When I declared that I was finished, the local dentist/translator who was with serving with us that week told us that these people had given us all that they had to live on that day. When I asked if they were going to eat too he told us that they already had eaten soup without meat in it. They had used the best of what they had to feed us. As we handed our bowls back to the servers I was shocked to watch them gobble down the rest of the meat that we didn’t eat. This trip helped me understood Jesus’ teaching on the poor widow in a totally different light.
This past week I have been thinking a lot about Jesus two greatest commandments to love God and to love people. As I thought about what following these two commandments looks liken in my life when it comes to generosity, I came to the obvious conclusion that God doesn’t need our money. He is the Creator of the Universe for Pete’s sake. I’m wondering if God wants us to take what we desire to give to Him and share it with the people around us. Yes, this can be done through a your church tithe, but I think that God is very pleased when we take what we would gladly give Jesus if He was standing in the flesh in front of us, and use it to bless people and help those who are struggling around us. I’m blessed to be a father of four children. I don’t need any money from them. I’m the happiest when they love, encourage and support each other in words and actions. I have a feeling that God feels the same sense of pride in His children when we love, encourage and support each other too.

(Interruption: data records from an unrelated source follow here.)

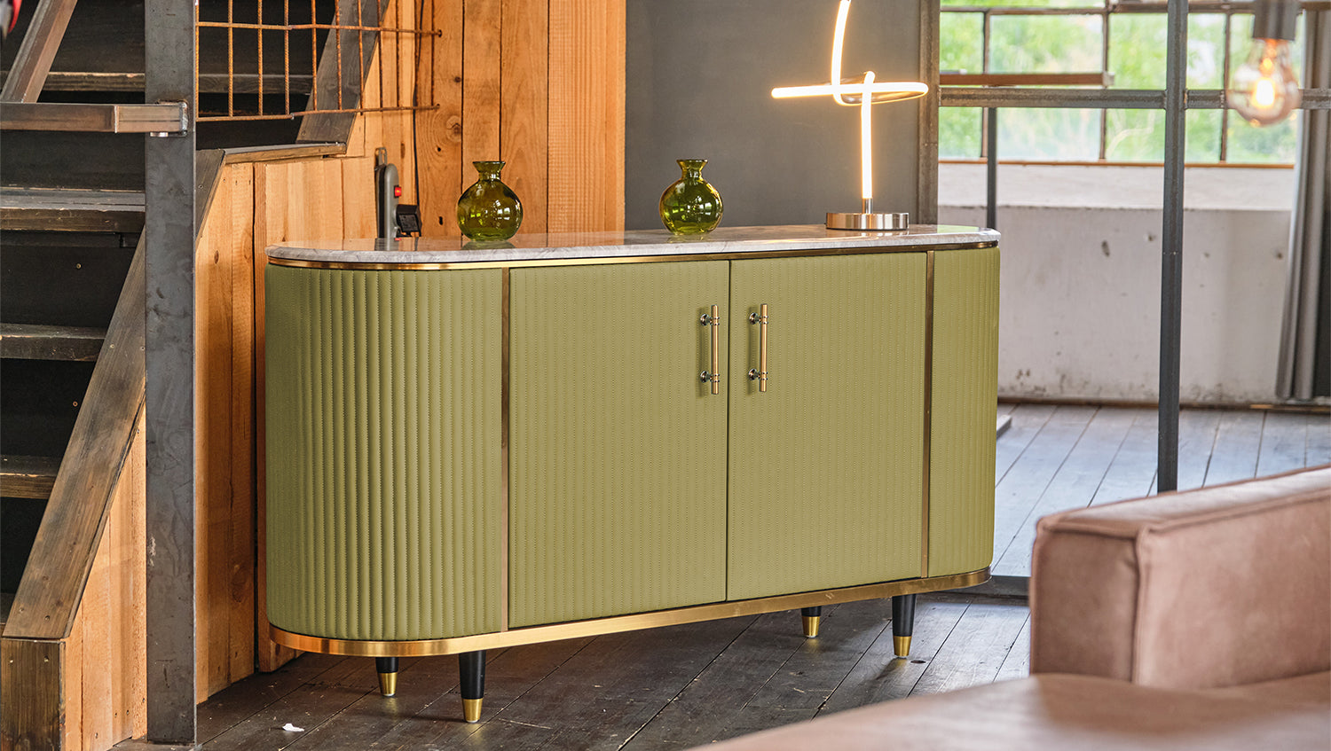 Das KAWOLA Sideboard MARIA ist ein Eyecatcher in jedem Zuhause. Sein nostalgisches Retro-Design im 50er-Jahre-Stil zeichnet sich besonders durch den Materialmix aus. Die Platte aus hellgrauem Marmor und die aufwendig verarbeitete Front aus Kunstleder bilden einen gelungenen Kontrast. Die goldfarbenen Füße sowie Details aus Edelstahl runden das Gesamtbild ab. Weitere Artikel der Serie MARIA ergänzen die heimischen vier Wände um ein geschmackvolles Möbelstück.
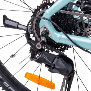 Na první pohled vás okouzlí elegantní rám, na první jízdu zase nadchne komfort gelového sedla, které spolehlivě pohltí každou nerovnost a promění jízdu v příjemný zážitek. A když přijde na trochu toho terénu? Vidlice SR Suntour XCM32 se zdvihem 120 mm se postará o to, aby vám kořeny ani kameny nezkazily náladu. Díky menším a ovladatelnějším kolům o průměru 27,5" se můžete pustit do stezek, lesů i města bez obav. A z praktického hlediska vás potěší i již nainstalovaný stojánek.
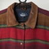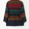 Rare vintage Woolrich blanket coat with leather collar, colourful stripes. An amazing and unique piece by the famous Woolrich brand, featuring two open pockets, detailed bronze snap buttons and a brown leather collar and cuffs. Circa 1980-1990. Made from a heavy weight wool and synthetic lining to keep you warm this winter. Made for women.
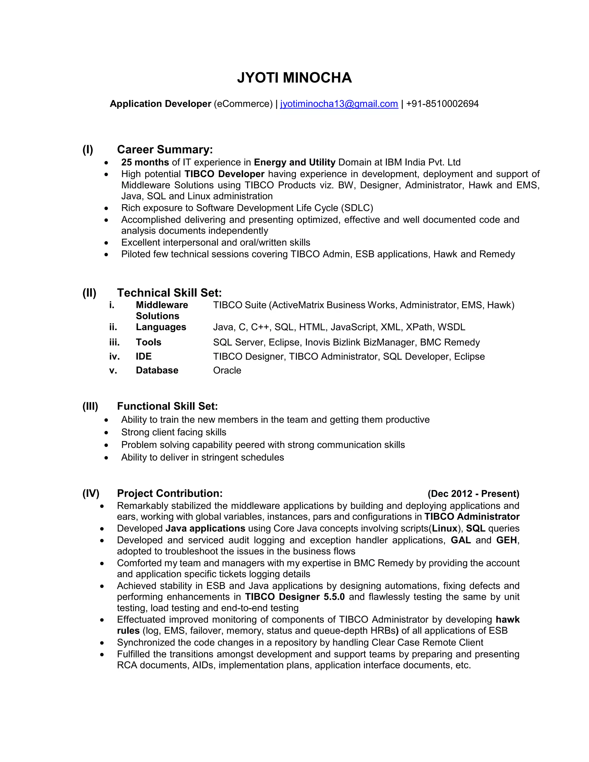 Jyoti Minocha has over 25 months of experience as an Application Developer at IBM India Pvt. Ltd. She has expertise in middleware technologies like TIBCO and skills in languages such as Java, SQL, and XML. She has experience developing, deploying, and supporting middleware solutions. She also has strong client facing and problem solving skills.
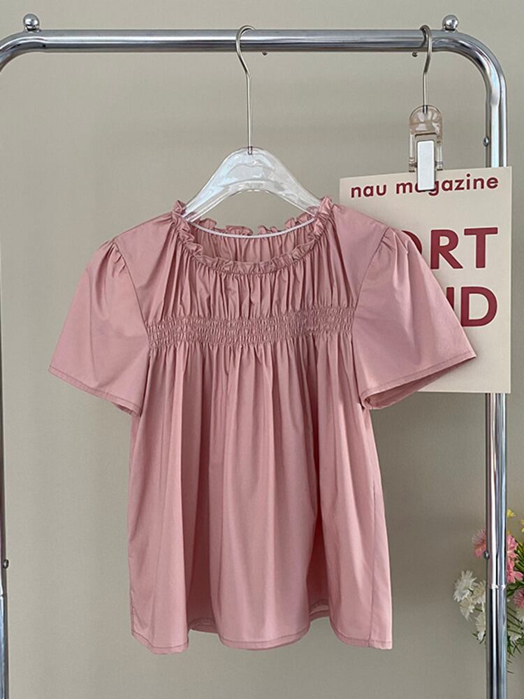 [EWQ] ピンクシャツオフショルダーソリッドカラープリーツパフスリーブルーズサマータイドブラウストップ 夏物
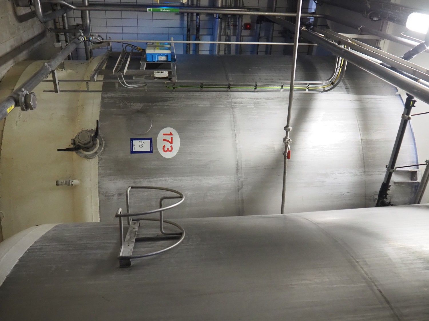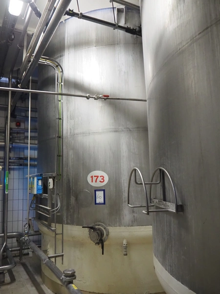 S/s double jacketed tank with agitator, dimensions: ø 3400 mm x 5600 mm.
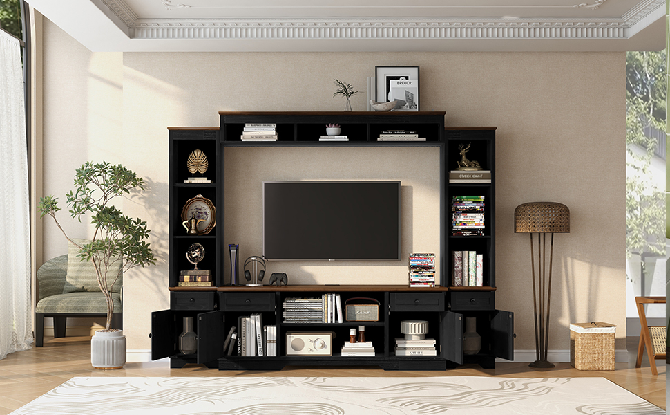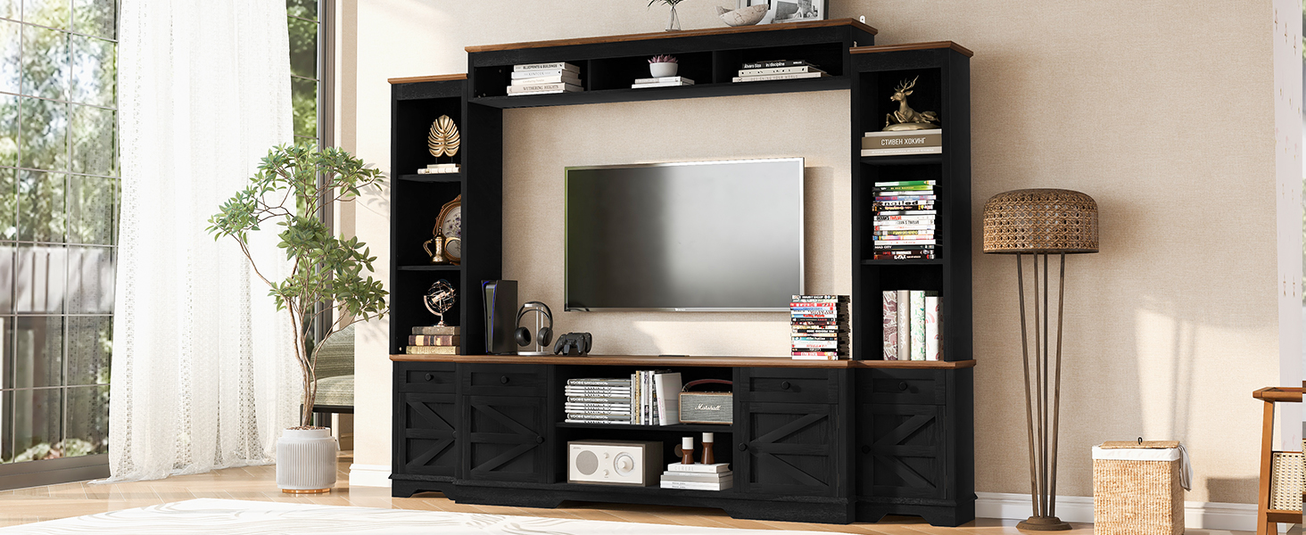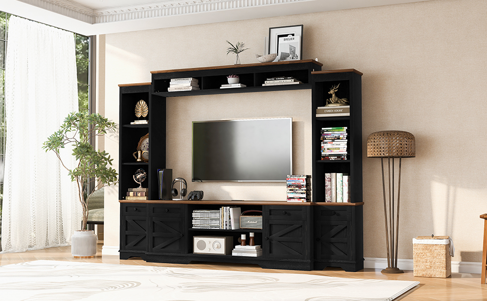 • 4 barn doors, 4 drawers, 9 open compartments, it offers ample storage for entertaining necessities.Equipped with 2 outlets, 1 USB port,1 Type-C port, this TV stand ensures seamless connection for TVs, gaming consoles and smart devices.
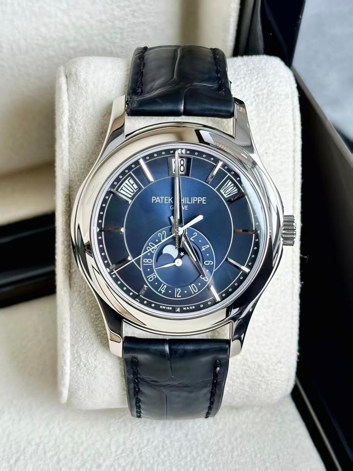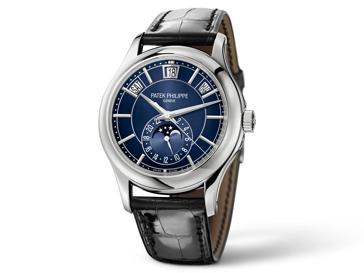 Patek Philippe Complications Annual Calendar Automatic Blue Sunburst Dial Men’s Watch 5205G-013
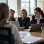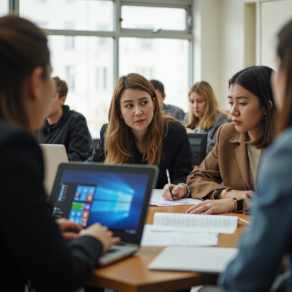 Kyrgyz Teachers in Professional Meeting with Laptops in Bright Classroom
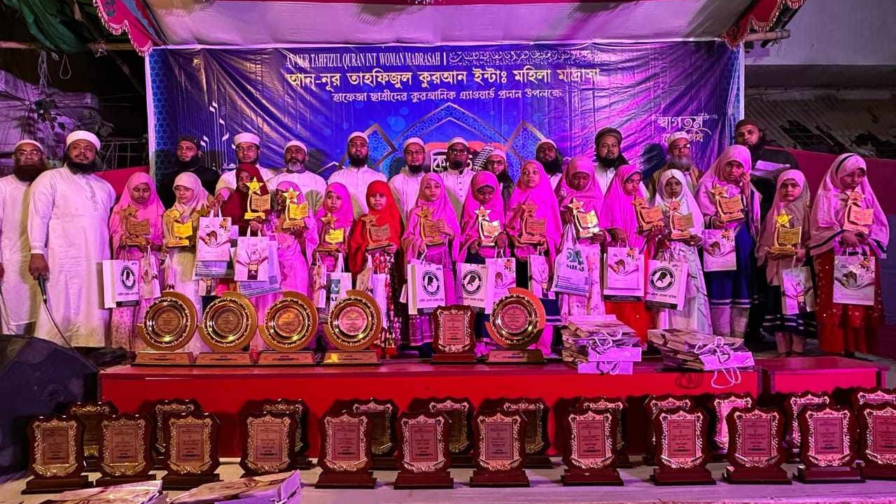 ঢাকা দক্ষিণ বনশ্রীর অনুর তাহফিজুল কুরআন মাদ্রাসা উপহার দিয়েছে ২০ জন হাফেজা। দেশের খ্যাতিমান আলেমেদ্বীন ও সঙ্গীত শিল্পীদের উপস্থিতিতে তাদের হাতে তুলে দেয়া হয় সম্মাননা স্মারক, ক্রেস্ট সনদ, বোরকাসহ অন্যান্য উপহার। গতকাল শুক্রবার (১১ এপ্রিল ২৫) বিকালে তাহফিজুল কুরআন মাদ্রাসার কৃতি শিক্ষার্থীদের হাতে এ সম্মাননা স্মারক তুলে দেয়া হয়।
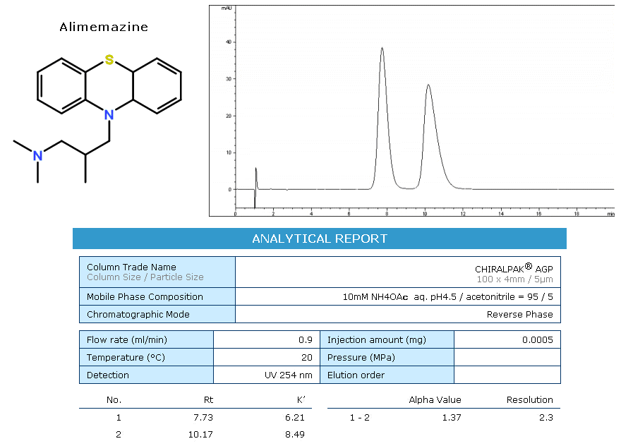 AGP為蛋白質(zhì)鍵合型手性柱,硅膠表面共價(jià)鍵合有α1-酸性糖蛋白。適用于反相系統(tǒng)。 在所有蛋白質(zhì)鍵合手性柱中,具有最廣泛的適用范圍: 1. 胺類化合物(一級(jí)胺,二級(jí)胺,三級(jí)胺,四級(jí)胺類化合物) 2. 酸性化合物(強(qiáng)酸性化合物,弱酸性化合物) 3. 非質(zhì)子類化合物(酰胺類化合物,酯類化合物,醇類化合物,亞砜類化合物等)
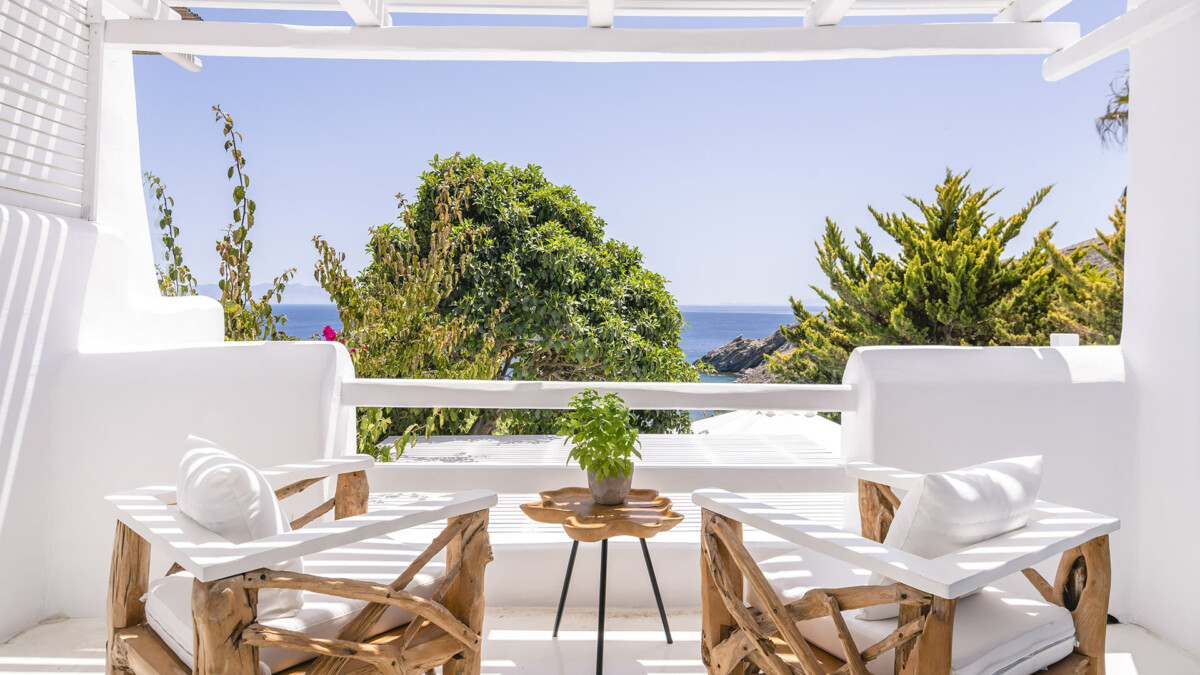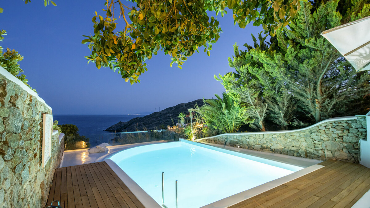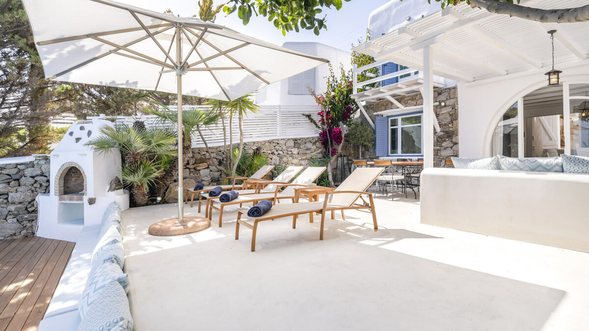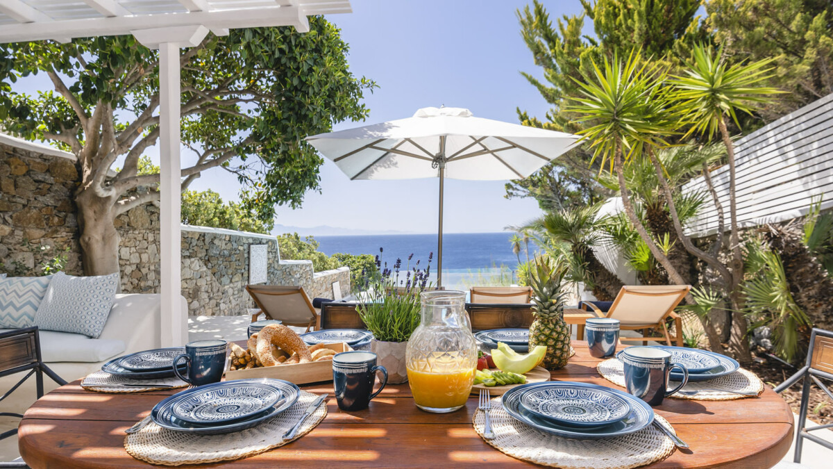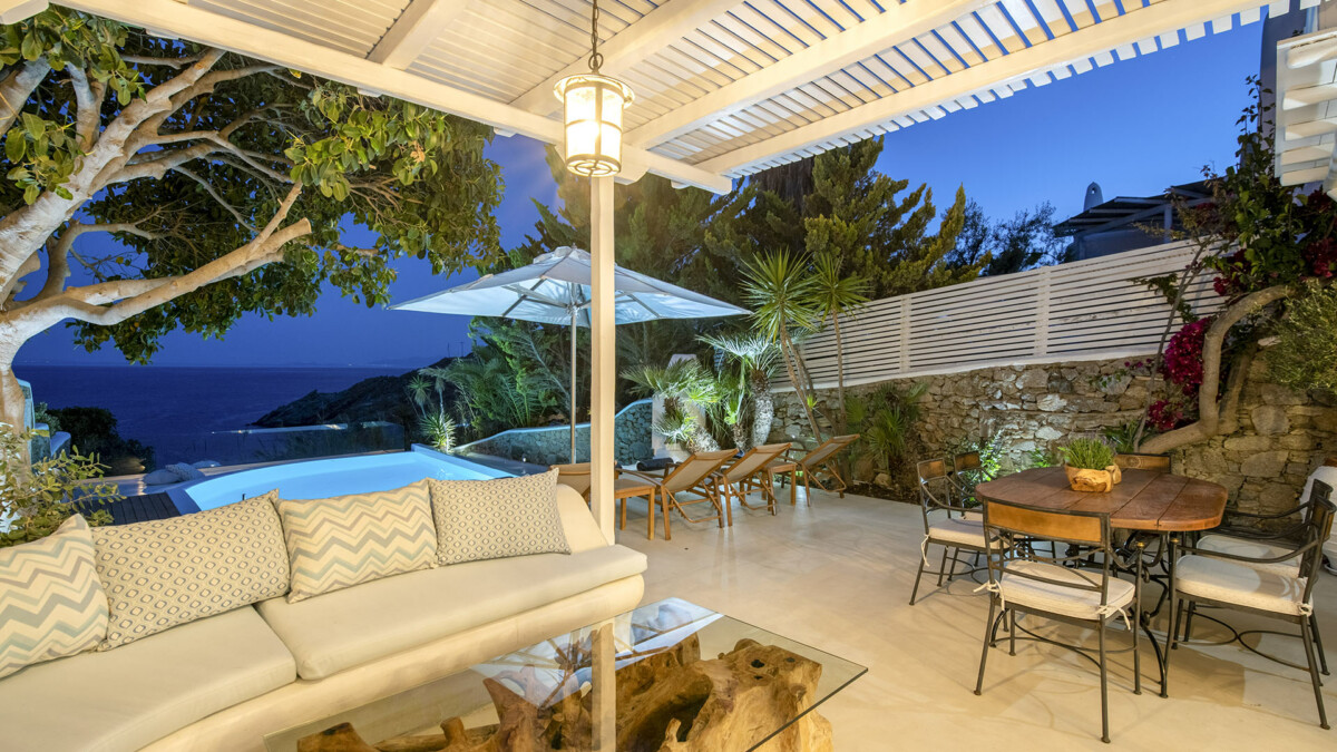The exclusive Aleomandra peninsula lies at the southestern shore of Mykonos facing the island of Delos. Villa Rival is located at a seaside spot in Aleomandra overlooking the Aegean Sea. The renowned beaches of Ornos and Agios loannis are in a short distance while the cosmopolitan Mykonos town lies about 4km away.

Jesus said, “Give, and it will be given to you. A good measure, pressed down, shaken together and running over, will be poured into your lap. For with the measure you use, it will be measured to you.” (Luke 6:38) I have found that this teaching from Jesus is very true. It truly is impossible to out-give God. In one of the last conversations that Jesus had with Peter he challenged Peter.
When they had finished eating, Jesus said to Simon Peter, “Simon son of John, do you love me more than these?” “Yes, Lord,” he said, “you know that I love you.” Jesus said, “Feed my lambs.” Again Jesus said, “Simon son of John, do you love me?” He answered, “Yes, Lord, you know that I love you.” Jesus said, “Take care of my sheep.” The third time he said to him, “Simon son of John, do you love me?” Peter was hurt because Jesus asked him the third time, “Do you love me?” He said, “Lord, you know all things; you know that I love you.” Jesus said, “Feed my sheep.” – John 21:15-17
How would we respond if Jesus stood before us and asked us if we truly love Him? Do we love and trust Him enough to soften our death grip on our time and money? Do we walk through the day thinking about what we want to buy next or do we walk through the day looking for opportunities to be generous and bless others? Jesus said the two greatest commandments are simply to love God and to love others. How can we say that we love God when we don’t love the person next to us? I think that we would do well to feed the Father’s sheep too.